◆ PROBLEM REQUIREMENTS ◆
Starting at the line below holding "Band For Invicta" and stopping at the line holding "جا به جایی آسان", print every line exactly, both ends included, and leave the rest out.

**** RECORDS SHOWN

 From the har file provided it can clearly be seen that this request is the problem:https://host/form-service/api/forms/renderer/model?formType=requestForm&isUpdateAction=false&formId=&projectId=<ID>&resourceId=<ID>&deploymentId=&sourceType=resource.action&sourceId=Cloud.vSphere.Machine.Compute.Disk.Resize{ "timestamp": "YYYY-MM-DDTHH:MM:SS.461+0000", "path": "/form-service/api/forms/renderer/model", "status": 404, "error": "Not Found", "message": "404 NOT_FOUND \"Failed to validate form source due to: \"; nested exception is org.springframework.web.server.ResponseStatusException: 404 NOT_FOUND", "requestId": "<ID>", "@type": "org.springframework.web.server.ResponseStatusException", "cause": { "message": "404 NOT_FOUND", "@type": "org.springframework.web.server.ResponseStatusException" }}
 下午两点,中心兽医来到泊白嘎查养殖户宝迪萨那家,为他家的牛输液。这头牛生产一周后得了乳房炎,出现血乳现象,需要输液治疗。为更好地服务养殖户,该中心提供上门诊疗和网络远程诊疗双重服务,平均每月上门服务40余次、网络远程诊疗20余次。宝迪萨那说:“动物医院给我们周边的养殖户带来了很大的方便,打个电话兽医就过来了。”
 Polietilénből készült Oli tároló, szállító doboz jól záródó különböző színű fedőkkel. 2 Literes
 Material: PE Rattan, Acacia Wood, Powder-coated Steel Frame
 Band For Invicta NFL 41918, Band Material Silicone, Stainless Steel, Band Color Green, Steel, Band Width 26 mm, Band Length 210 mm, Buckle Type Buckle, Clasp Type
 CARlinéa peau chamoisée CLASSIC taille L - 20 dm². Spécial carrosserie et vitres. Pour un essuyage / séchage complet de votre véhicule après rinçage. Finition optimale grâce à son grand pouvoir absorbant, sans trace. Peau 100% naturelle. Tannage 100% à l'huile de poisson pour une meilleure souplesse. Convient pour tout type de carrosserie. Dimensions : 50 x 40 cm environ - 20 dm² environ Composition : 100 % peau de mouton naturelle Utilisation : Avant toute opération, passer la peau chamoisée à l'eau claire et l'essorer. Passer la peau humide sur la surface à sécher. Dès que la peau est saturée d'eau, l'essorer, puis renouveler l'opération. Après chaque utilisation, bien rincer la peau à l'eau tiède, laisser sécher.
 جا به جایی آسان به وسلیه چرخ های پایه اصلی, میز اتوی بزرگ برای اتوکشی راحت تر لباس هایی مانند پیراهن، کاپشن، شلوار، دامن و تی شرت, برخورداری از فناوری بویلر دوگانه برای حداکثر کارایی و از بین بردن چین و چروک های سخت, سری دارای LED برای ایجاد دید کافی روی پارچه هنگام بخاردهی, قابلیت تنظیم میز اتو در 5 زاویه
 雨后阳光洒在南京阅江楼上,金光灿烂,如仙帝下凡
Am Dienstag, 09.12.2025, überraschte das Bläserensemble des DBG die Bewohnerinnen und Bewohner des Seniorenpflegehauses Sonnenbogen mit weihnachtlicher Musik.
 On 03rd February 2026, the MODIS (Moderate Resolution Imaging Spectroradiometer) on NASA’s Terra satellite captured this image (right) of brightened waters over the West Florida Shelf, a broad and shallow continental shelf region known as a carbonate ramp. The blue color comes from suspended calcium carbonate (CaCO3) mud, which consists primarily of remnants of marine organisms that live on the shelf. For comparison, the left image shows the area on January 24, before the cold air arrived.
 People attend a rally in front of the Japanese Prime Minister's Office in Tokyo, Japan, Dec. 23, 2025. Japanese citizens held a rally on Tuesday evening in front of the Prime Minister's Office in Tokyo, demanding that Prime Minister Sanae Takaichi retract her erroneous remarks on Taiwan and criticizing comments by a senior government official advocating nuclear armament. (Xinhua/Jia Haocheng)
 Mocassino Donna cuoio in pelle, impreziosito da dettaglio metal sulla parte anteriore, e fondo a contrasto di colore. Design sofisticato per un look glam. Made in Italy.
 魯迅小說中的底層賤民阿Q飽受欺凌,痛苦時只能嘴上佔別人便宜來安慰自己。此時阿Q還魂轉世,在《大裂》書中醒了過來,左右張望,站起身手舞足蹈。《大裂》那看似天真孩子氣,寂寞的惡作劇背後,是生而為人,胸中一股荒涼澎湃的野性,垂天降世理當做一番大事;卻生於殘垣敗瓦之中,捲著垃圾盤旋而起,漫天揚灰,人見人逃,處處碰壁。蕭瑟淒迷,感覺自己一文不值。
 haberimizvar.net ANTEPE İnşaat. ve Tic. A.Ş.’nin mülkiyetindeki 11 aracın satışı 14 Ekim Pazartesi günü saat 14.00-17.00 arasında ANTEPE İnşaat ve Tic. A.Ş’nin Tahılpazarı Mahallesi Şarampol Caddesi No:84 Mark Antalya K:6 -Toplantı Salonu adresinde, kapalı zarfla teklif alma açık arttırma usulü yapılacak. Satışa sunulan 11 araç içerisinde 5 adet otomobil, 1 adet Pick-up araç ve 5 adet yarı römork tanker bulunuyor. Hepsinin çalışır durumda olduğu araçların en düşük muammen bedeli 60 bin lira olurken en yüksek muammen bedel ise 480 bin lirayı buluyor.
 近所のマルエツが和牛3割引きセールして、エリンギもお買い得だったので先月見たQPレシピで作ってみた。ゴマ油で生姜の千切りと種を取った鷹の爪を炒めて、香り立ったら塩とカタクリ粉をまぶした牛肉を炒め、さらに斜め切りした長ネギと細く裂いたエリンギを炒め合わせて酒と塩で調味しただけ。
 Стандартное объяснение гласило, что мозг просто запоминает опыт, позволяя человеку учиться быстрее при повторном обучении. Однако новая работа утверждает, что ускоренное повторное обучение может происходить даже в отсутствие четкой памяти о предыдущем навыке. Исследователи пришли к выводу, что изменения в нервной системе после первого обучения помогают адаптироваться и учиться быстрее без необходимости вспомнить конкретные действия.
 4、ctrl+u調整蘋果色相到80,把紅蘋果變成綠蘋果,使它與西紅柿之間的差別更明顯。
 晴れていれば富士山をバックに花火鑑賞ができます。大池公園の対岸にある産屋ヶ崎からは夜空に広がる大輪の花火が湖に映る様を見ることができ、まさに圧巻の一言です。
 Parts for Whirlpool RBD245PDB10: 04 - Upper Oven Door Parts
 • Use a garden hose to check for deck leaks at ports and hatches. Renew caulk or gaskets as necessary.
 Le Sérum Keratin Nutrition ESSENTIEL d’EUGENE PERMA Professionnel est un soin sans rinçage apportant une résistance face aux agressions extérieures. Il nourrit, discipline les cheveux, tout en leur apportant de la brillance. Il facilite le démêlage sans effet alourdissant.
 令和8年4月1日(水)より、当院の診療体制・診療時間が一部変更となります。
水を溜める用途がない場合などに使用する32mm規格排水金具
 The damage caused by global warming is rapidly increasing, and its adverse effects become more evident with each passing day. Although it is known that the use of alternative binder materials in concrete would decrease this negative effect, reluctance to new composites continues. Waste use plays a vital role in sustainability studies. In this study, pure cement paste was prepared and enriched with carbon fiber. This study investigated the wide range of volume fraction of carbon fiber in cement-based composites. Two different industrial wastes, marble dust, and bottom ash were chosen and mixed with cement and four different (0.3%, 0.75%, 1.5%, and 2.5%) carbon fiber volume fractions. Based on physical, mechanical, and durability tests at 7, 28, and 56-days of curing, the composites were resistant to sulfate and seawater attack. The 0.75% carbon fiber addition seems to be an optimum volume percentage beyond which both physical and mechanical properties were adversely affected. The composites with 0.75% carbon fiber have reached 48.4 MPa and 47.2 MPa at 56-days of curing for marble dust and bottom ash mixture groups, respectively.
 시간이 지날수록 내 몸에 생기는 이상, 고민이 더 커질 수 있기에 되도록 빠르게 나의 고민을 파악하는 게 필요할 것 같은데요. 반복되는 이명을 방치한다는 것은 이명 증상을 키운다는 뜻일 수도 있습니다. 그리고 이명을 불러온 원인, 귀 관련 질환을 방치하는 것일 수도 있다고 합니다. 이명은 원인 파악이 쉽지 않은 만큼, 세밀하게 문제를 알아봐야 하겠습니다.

********

◆ OUTPUT FOR THIS EXERCISE ◆
 Band For Invicta NFL 41918, Band Material Silicone, Stainless Steel, Band Color Green, Steel, Band Width 26 mm, Band Length 210 mm, Buckle Type Buckle, Clasp Type
 CARlinéa peau chamoisée CLASSIC taille L - 20 dm². Spécial carrosserie et vitres. Pour un essuyage / séchage complet de votre véhicule après rinçage. Finition optimale grâce à son grand pouvoir absorbant, sans trace. Peau 100% naturelle. Tannage 100% à l'huile de poisson pour une meilleure souplesse. Convient pour tout type de carrosserie. Dimensions : 50 x 40 cm environ - 20 dm² environ Composition : 100 % peau de mouton naturelle Utilisation : Avant toute opération, passer la peau chamoisée à l'eau claire et l'essorer. Passer la peau humide sur la surface à sécher. Dès que la peau est saturée d'eau, l'essorer, puis renouveler l'opération. Après chaque utilisation, bien rincer la peau à l'eau tiède, laisser sécher.
 جا به جایی آسان به وسلیه چرخ های پایه اصلی, میز اتوی بزرگ برای اتوکشی راحت تر لباس هایی مانند پیراهن، کاپشن، شلوار، دامن و تی شرت, برخورداری از فناوری بویلر دوگانه برای حداکثر کارایی و از بین بردن چین و چروک های سخت, سری دارای LED برای ایجاد دید کافی روی پارچه هنگام بخاردهی, قابلیت تنظیم میز اتو در 5 زاویه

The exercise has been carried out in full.